Sur ce, il s’élança d’un pas leste ; alors Frodo remarqua comme pour la première fois, même s’il le savait depuis un bon moment, que l’Elfe ne portait pas de bottes, seulement de légères chaussures, comme à son habitude ; et ses pieds ne laissaient presque aucune empreinte dans la neige.
« Au revoir ! dit-il à Gandalf. Je vais chercher la Soleil ! » Puis, vif comme un coureur sur du sable dur, il partit comme une flèche, et, rejoignant bientôt les deux hommes qui peinaient, il les dépassa avec un signe de la main et disparut rapidement au loin, derrière l’épaulement rocheux.
Les autres, blottis ensemble, observèrent la scène et attendirent, jusqu’à ce que Boromir et Aragorn ne soient plus que des points noirs dans la blancheur. Enfin, eux aussi passèrent hors de vue. De longues minutes s’égrenèrent. Les nuages s’assombrirent, et quelques flocons de neige revinrent flotter au hasard.
Une heure peut-être s’était écoulée, quoique cela parût beaucoup plus long, quand ils virent Legolas revenir enfin. Au même moment, Boromir et Aragorn reparurent loin derrière lui, à la hauteur du tournant, entamant une pénible remontée.
« Eh bien, s’écria Legolas, accourant, je n’apporte pas la Soleil tout compte fait. Elle parcourt les champs azurés du Sud, et le linceul de neige sur cette butte de Cornerouge ne l’émeut pas le moins du monde. Mais je ramène une lueur d’espoir pour ceux qui sont voués à marcher sur leurs deux jambes.

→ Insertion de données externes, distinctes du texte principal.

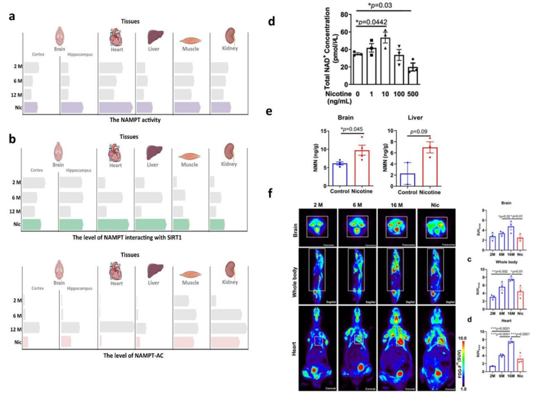 图1.尼古丁激活衰老组织NAD+生物合成以及改善衰老阻止葡萄糖高代谢情况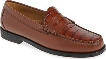 Croc-embossed leather and classy penny-slot strap add eye-catching style to a moc-toe loafer that elevates your work or weekend ensembles.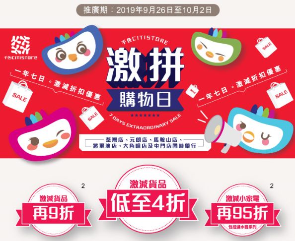 2. 激拼購物日之再9折/再95折優惠不適用於餐廳食肆,部份特約專櫃、部份貨品及部份寄售貨品;亦不適用於購買千色Citistore購物禮券。Citi-fun會員生日3倍積分優惠於激拼購物日暫停使用。如有任何爭議,千色Citistore保留最終確定權。

La plus grande congère de toutes se trouve juste derrière le tournant, et là, nos Hommes Forts ont presque été ensevelis. Ils étaient désespérés, jusqu’à ce que je revienne leur dire que la congère avait à peine l’épaisseur d’un mur. Et de l’autre côté, la neige se fait soudain moins abondante, alors que plus bas, elle devient un simple tapis blanc pour rafraîchir les orteils des hobbits. »

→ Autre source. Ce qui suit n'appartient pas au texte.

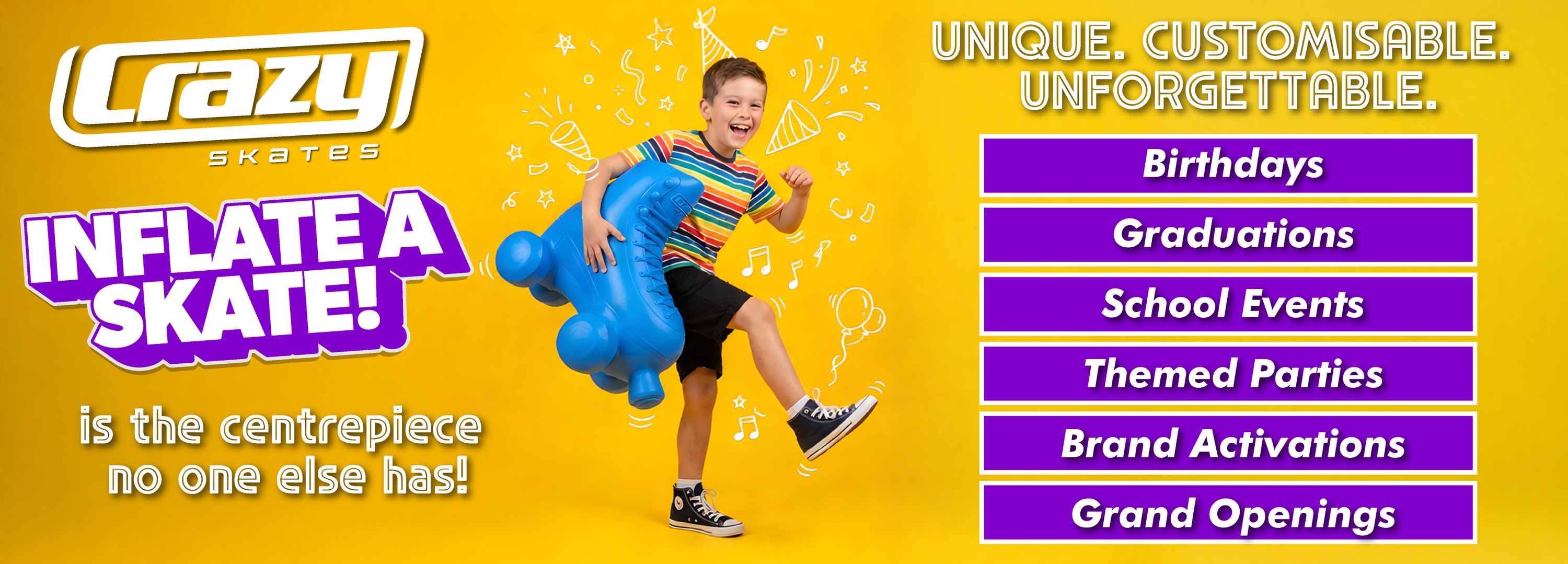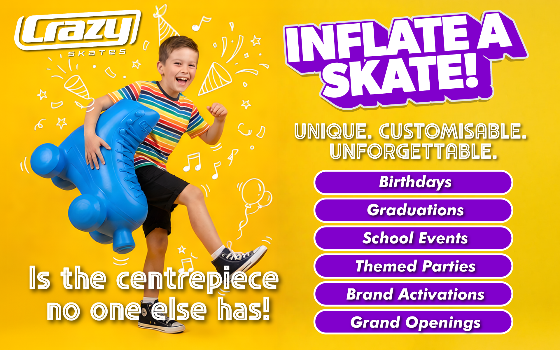 Turn every party into an unforgettable celebration with Inflate-A-Skate. A fun, interactive centrepiece that makes your event truly memorable

« Ah, c’est comme je l’avais dit, grogna Gimli. Ce n’était pas une tempête comme les autres. C’est la malveillance du Caradhras. Il n’aime pas les Elfes et les Nains, et cette congère était destinée à couper notre retraite. »
« Heureusement, votre Caradhras a oublié qu’il se trouve des Hommes parmi vous, dit Boromir, arrivant sur ces entrefaites. De vaillants Hommes, me permettrai-je d’ajouter ; quoique de moins braves, armés de pelles, vous eussent peut-être mieux servis. Nous n’en avons pas moins ouvert une brèche dans la congère ; et tous ceux ici qui n’ont le pied aussi léger que les Elfes en seront reconnaissants. »

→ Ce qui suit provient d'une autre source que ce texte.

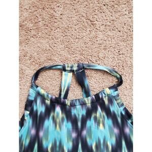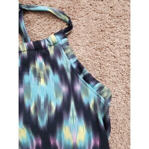 Tehama Athletic Strappy Halter Watercolor Geo Stretchy Mini Dress, Size Medium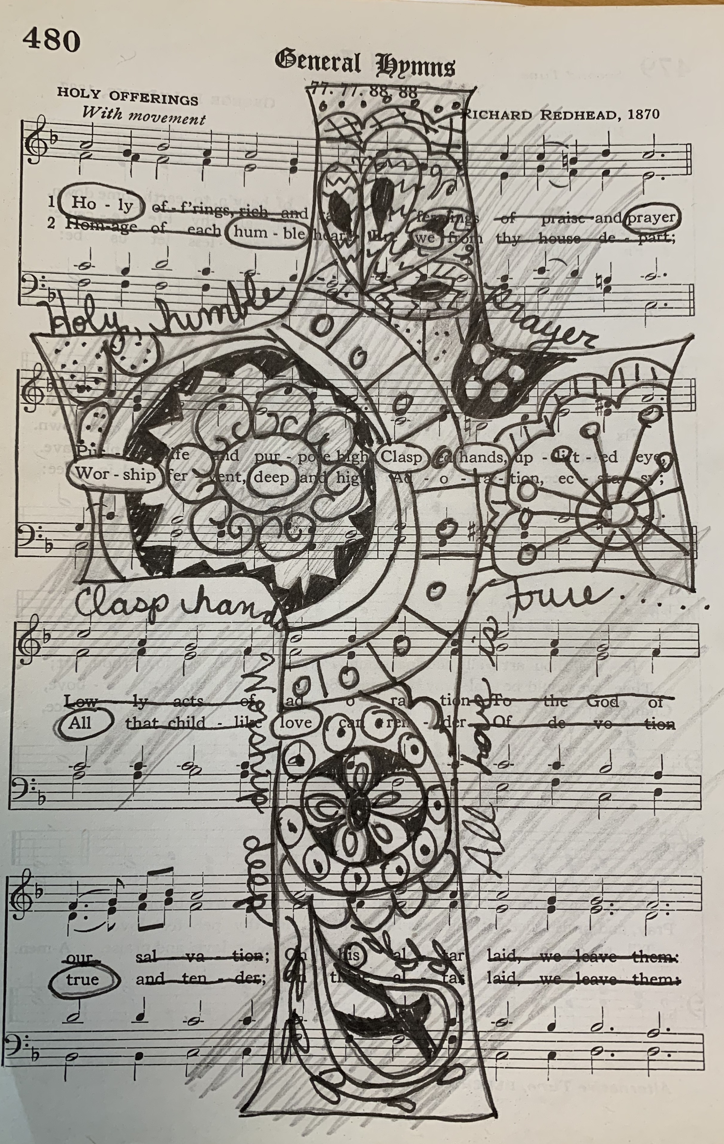 Today is the first Thursday of November and a group of bloggers gather to share their spiritual journey. Fran selected the theme for today, holy. I immediately thought of the hymn Holy, Holy, Holy. I thought of the torn apart hymnal I was given by an artist friend to use for collage. I didn’t find that hymn but one that did use the word Holy. I wanted to create an erasure or black out poem. I googled Zentangle designs and set to work on the page.

« Mais comment sommes-nous censés descendre par là, même si vous vous êtes frayé un chemin ? » dit Pippin, exprimant le souci de tous les hobbits.
« Courage ! dit Boromir. Je suis las, mais il me reste encore des forces, de même qu’à Aragorn. Nous transporterons les petites gens. Les autres pourront sans doute marcher dans nos traces. Venez, monsieur Peregrin ! Je vais commencer par vous. »
Il souleva le hobbit. « Cramponnez-vous à moi ! J’aurai besoin de mes bras », dit-il, et il partit à grandes enjambées. Aragorn les suivit avec Merry. Pippin s’émerveillait de sa force, voyant le passage qu’il avait déjà pratiqué sans autre outil que ses puissants membres. Même à présent, chargé comme il l’était, il élargissait encore la piste à l’intention de ceux qui devaient suivre, écartant la neige tout en avançant.
Ils parvinrent enfin à la grande congère. Elle se dressait soudain en travers du sentier de montagne, comme un mur escarpé, et son arête pointue, comme taillée au couteau, atteignait plus de deux fois la hauteur de Boromir ; mais un passage avait été forcé au milieu, s’élevant et s’abaissant comme un pont. Merry et Pippin furent déposés de l’autre côté, où ils attendirent le reste de la Compagnie avec Legolas.